I promise I'm not some sort of modernist architecture tourist, in fact I haven't even resolved my stance yet on the whole walking-round-empty-houses experience yet. But in the mean time - turns out that by pure coincidence I live 2 minutes from Sonneveld House! It's my new Hackney Town Hall (in terms of proximity and nothing else, unless they're making you take your shoes off now.)

I'm looking round it tonight as part of Rotterdam's Museum night. A light-up badge will let me in to various places/events across town until 2 AM. Only problem is the map/information is in Dutch..

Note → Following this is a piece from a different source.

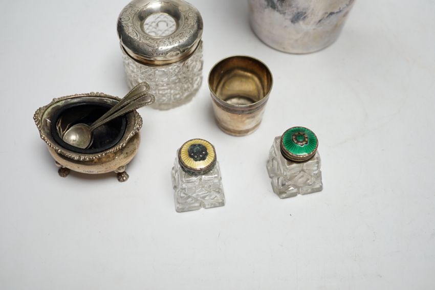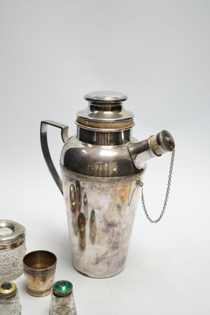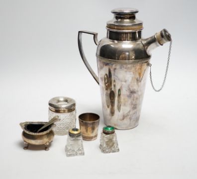A plated cocktail shaker and sundry small silverwares including silver salt with Bristol blue glass liner, largest 23cm high

Sonneveld House is next to the Netherlands Architecture Institute, which is next to a cluster of galleries and museums (Museumpark). The NAi has a great bookshop where I read part of an essay from Architecture Bulletin, its in-house journal. Towards a real Rotterdam describes my new home as the paradigmatic modern city ... a city of islands and points out that the only attempt to implement a thorough urban strategy, a concentric infastructure to supplement the core of the city, was the Rose plan of 1855. Which went askew, and there's still a need for urban cohesion or connecting-the-dots today.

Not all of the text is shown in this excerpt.